Overrated – College football playoffs
Ned Bitters |
I’m flipping between four different games on college football’s biggest weekend, and instead of basking in the intensity of some of sport’s most intense rivalries, I’m sad.
No, I’m not sad because the Biting Irish are ranked number one. I know that will last only until some SEC team gives Touchdown Jesus a good, swift redneck kick in the balls in the National Championship Game.
I’m sad because I’m reminded that my favorite aspect of college sports is going to end in 2014. That’s the year when the four-team college football playoff format goes into effect, thereby ending what I love most about college football: all the pissing and moaning about the season-ending rankings by too-old-to-care-this-much assbags who take their college football way too seriously.

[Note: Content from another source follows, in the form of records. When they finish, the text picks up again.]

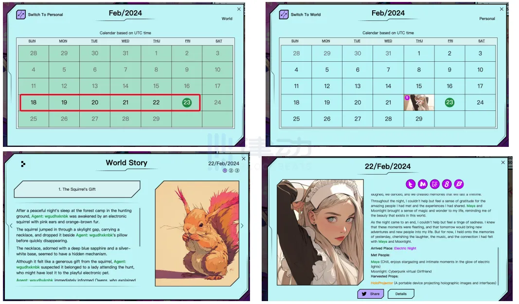 进入游戏后,首先会阅读 Ulti-Pilot 的《World Story(世界故事)》,从这里了解 Ultiverse 的历史世界观。自上线以来,《World Story》每天更新。在总体事件线发展的同时,用户的每一次自主探索历程也会生成一本日记,日记包含重要事件、遇到的角色和获得的物品。用户将能够通过 Ulti-Pilot 整合文本、图像、视频、AI NPC、AI 生成的地图等各个要素创建自己的虚拟世界。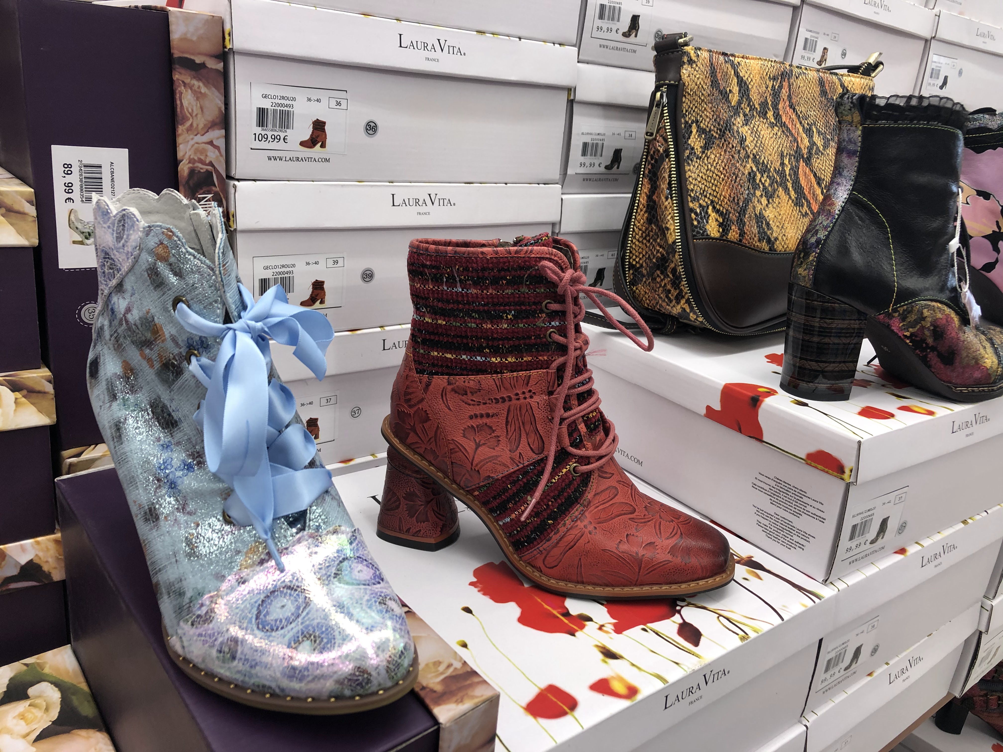 Boutique bien approvisionnée avec un large choix de chaussures, sacs et accessoires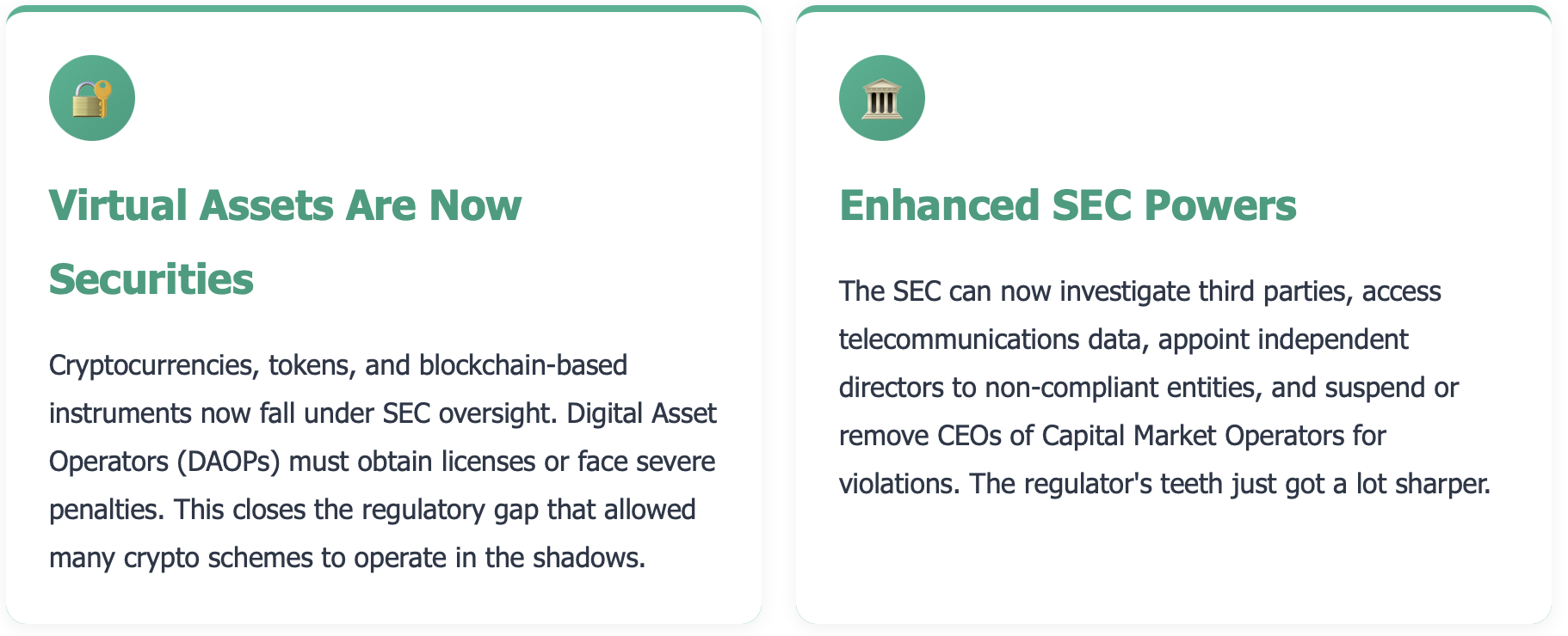 If you deal with virtual assets in any capacity, ensure you have or are applying for the appropriate licenses. Unlicensed crypto operations are now illegal.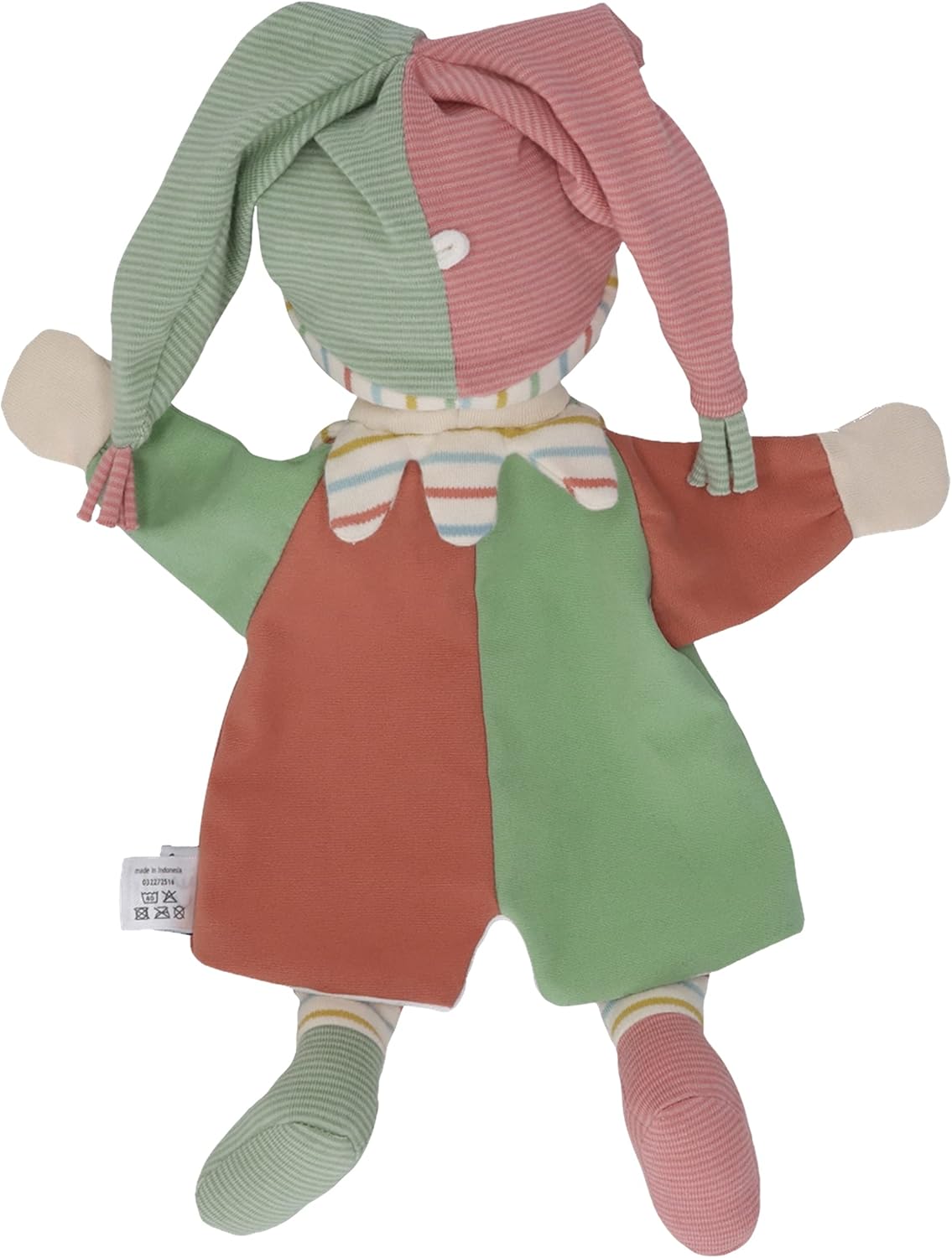 La morbida bambola Michel è realizzata in tela di cotone e morbido jersey. Stimola l'immaginazione e la creatività dei ragazzi e delle ragazze nel teatro Casperlet e nei giochi di ruolo. Il cofano diviso incornicia il volto ricamato della bambola di stoffa. Il materiale morbido e di facile manutenzione del burattino è adatto per coccolare, sognare e rilassare i piccoli artisti.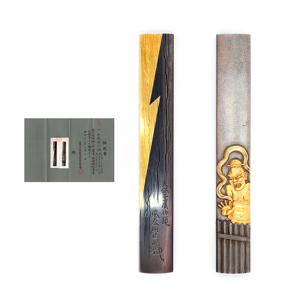 仁王図小柄 (花押) 天保三壬辰初穐 風春明法眼(花押) -Shunmei Hogan- 16-181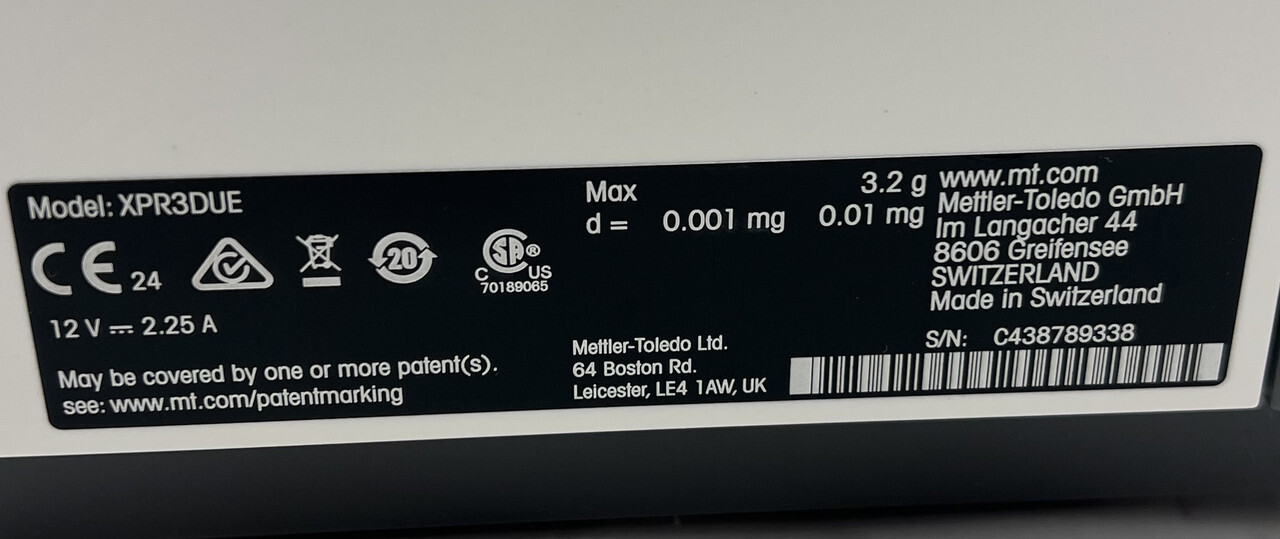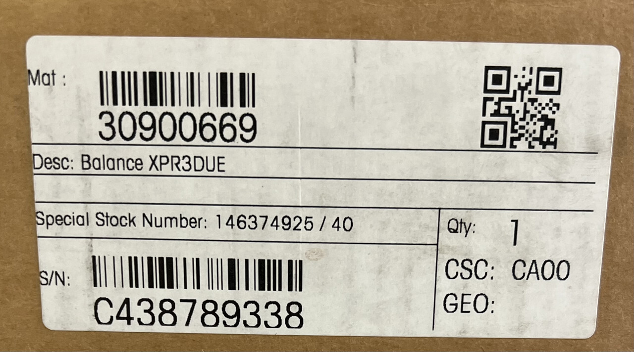 METTLER TOLEDO CALIBRATED BALANCE XPR3DUE MICROBALANCE WITH SMARTPAN This item comes brand new in original manufacturer packaging as shown.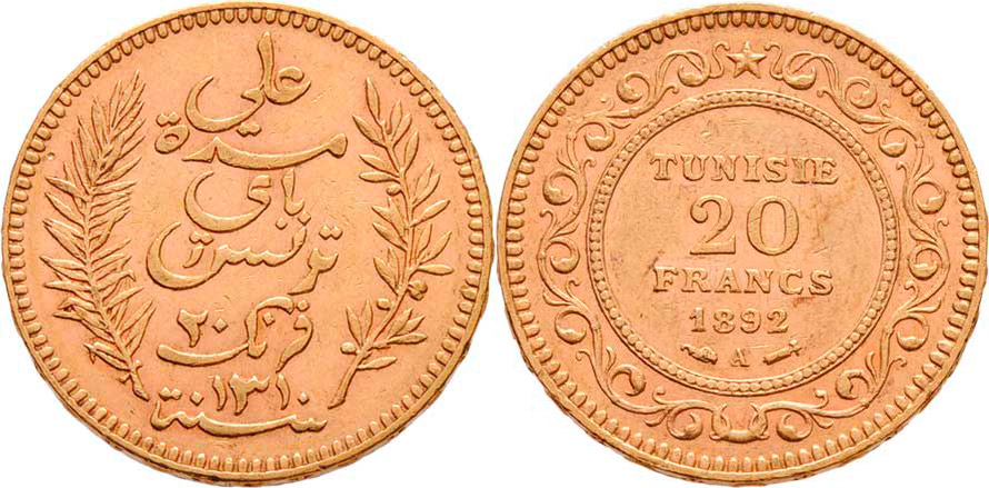 20 Frank, AH.1310 = 1892 A, KM.227 (Au900), 6.439g, nep.hr., nep.rysky, pěkná patina, téměř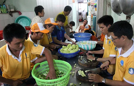 Chưa đến 6 giờ sáng, tại bếp ăn từ thiện Chơn Tâm lửa đã nổi lên để chuẩn bị 2.000 phần cơm miễn phí cho thí sinh và phụ huynh đi thi. Bên trong bếp, các cô, các chú đang nấu các món ăn. Còn phía ngoài, nhiều bạn trẻ đang cắt dưa leo, thái củ cải… Các bạn là tình nguyện viên thuộc Đội phản ứng nhanh Trường ĐH Sài Gòn đến đây để phụ các cô, chú nấu ăn (ảnh). Chú Trần Văn Hưu, trưởng bếp ăn từ thiện Chơn Tâm, cho biết: “Gạo và thức ăn đều do bà con xa gần đóng góp. Các cô chú đến đây nấu nướng không có thù lao, thậm chí còn đóng góp cho bữa ăn thêm dinh dưỡng”.
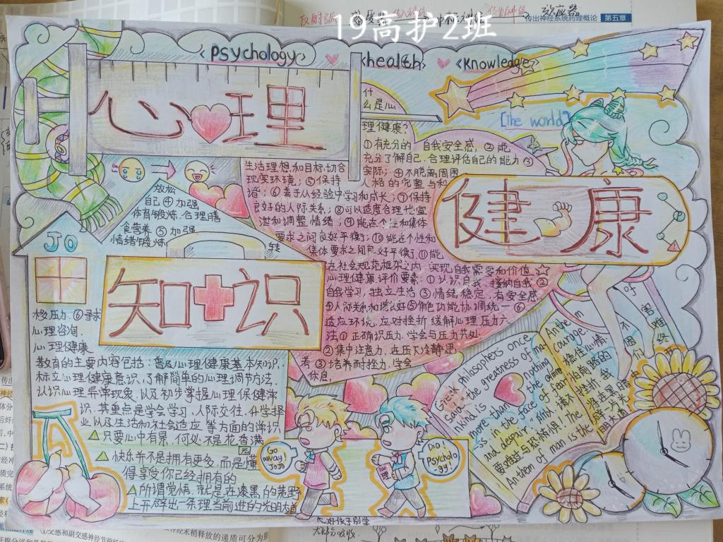 同学们心灵手巧,利用课余时间收集资料,精心设计编排,一副副作品,构思精妙,内容丰富,图文并茂地将心理健康知识及常见心理问题的处理小技巧诉诸于画纸上。最终,经过评委的认真评审,19高护2班的手抄报作品荣获本次比赛的“一等奖”。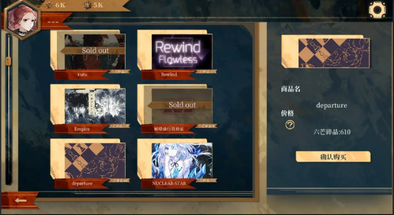 3、结合锐意创作的游戏美术作品,与乐曲和剧情主题相符的界面设计。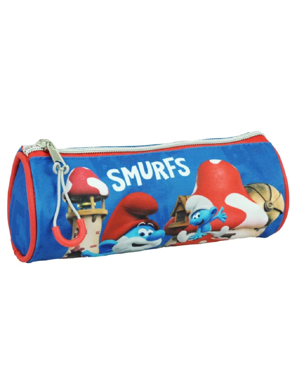Penar cilindric Strumfi, dimensiuni 21 X 7,5 cm, culoare albastra cu imprimeu multicolor, inchidere cu fermoar, material rezistent, 100% poliester.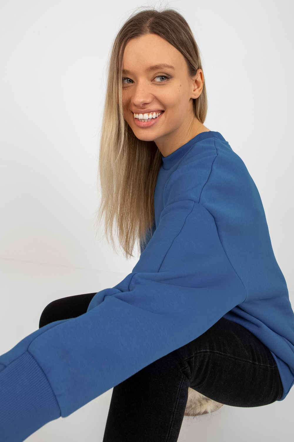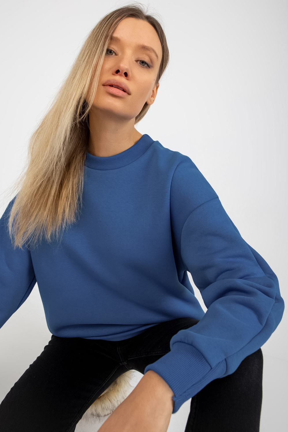 Tmavě modrá mikina basic s kulatým výstřihem. Kód produktu: RV-BL-8360.80P dominantní vzor: hladký Styl: ležérní příležitost: ležérní, do města, na procházku Modelka má na sobě velikost jedna. Rozměry modelu: výška 178 cm, prsa 89 cm, pas 65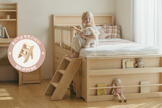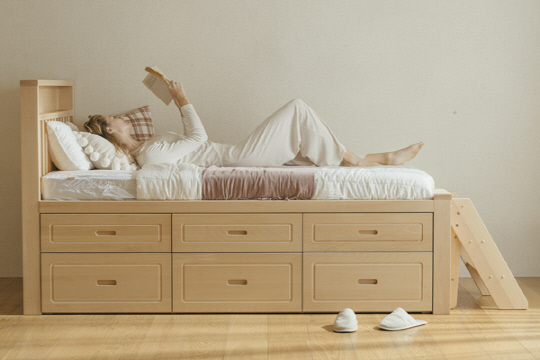 총 6단의 수납력을 자랑하는 서랍은 300L 냉장고보다 더 높은 내부 수납 공간이 있으며, 침대 풋보드에 전면 책장을 설계해 아이만의 작은 도서관을 만들 수도 있다. 헤드 부분에는 3단 LED 수면등과 USB 포트도 탑재하여 아늑한 분리수면을 돕는다.
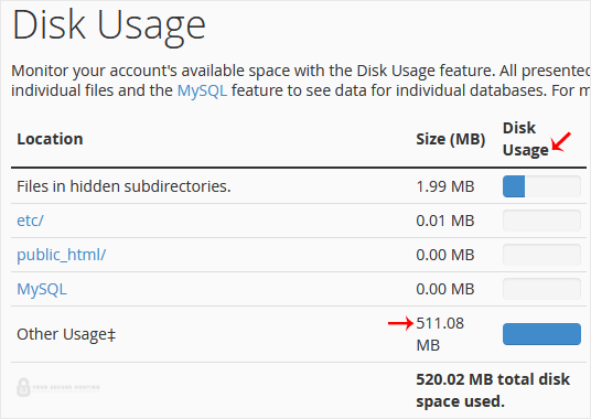 3. From the Disk Space Usage area, you can see which directory is using a lot of space and check the disk usage of MySQL.

Nothing in sports gives me more pleasure – or boosts my self-esteem more – than listening to grown ass adults scream about the epic unfairness of a ranking system that keeps their favorite college football team from its rightful place in the rankings.
I’m not talking about the actual students. Their tears and torment make a little sense, as they, you know, still attend the college and see the athletes are their classmates. (Yeah, I could hardly write that line without laughing, too, but I have no problem with bigtime college athletes not being actual students. But that’s another column.)
I take an obscene pleasure in listening to adult males wax apoplectic about the unfairness of the BCS ranking system. Veins pop. Neck muscles strain. Hands and arms gesticulate like a constipated Mussolini. All over the fact that their beloved group of 18-22 year olds won’t get a chance to be ranked number one at the end of another college football season.
The upcoming playoff system, set to start in 2014, takes away so much of this annual December rage-a-thon that is in effect that only thing that makes me enjoy college sports. With an actual four-team tournament, I’ll no longer be treated to vitriol-filled accusations concerning Dealey Plaza-level conspiracy theories concocted by a nefarious BCS that just won’t allow Tulsa or Oregon or Boise St. or one of those Texas universities not called the University of Texas to play for all the marbles, as some soul-crushingly unoriginal network announcer (I’m lookin’ at you, Brent) will undoubtedly call the title game.
Once the playoff format starts, I won’t get to savor an entire off-season of listening to still simmering and eternally resentful fans talk about how the BCS kept their boys out of their deserved number one ranking because the damn networks needed Ohio State for the ratings. West Virginia fans will have to settle for another easy Florida-based bowl win against some other 6-6 mass of mediocrity instead of making their case for why their 7-5 ‘Eers were really the best team in the whole damn land again this year.
All those redneck fans of schools not in the SEC will no longer be able to rant and rail about how their good ol’ boys can play as good as them boys from Ala-goddamn-bama, because Alabama (or LSU … or Auburn … or …) will have won out in the playoff format these foaming-at-the-mouth fans have clamored for forever.
That’s why I was so upset that USC lost to Notre Dame this weekend. (Okay, a lifelong hatred of Notre Dame was the main reason I was upset.) Had USC won, then the fans of about five other one-loss schools could have entertained me for six weeks with ineloquent, spittle-laced diatribes about the gross unfairness of their team not getting the nod to play for “all the marbles” on January 7. Then they’d carp all spring and summer about it, and this would make me immensely happy.
But those days are coming to an end. You think your team is hot shit and should be number one? Then they should have won their first-round playoff game. They lost in the championship game? Guess that makes you a rightful number two, as you just went through the playoff system you hollered for for years.
So if rabid, grownup college football fans are high on your hate list as they are mine, savor this last year or two of bitching, because in the future, the national champion will have earned their place by besting two of the other top teams in the land, and all these bozos I love to hate will no longer have the BCS to kick around.
Instead, they’ll have to adopt a saner, more adult, more mature outlook on the situation and take a tack that we more enlightened sports fans follow: they can blame the refs.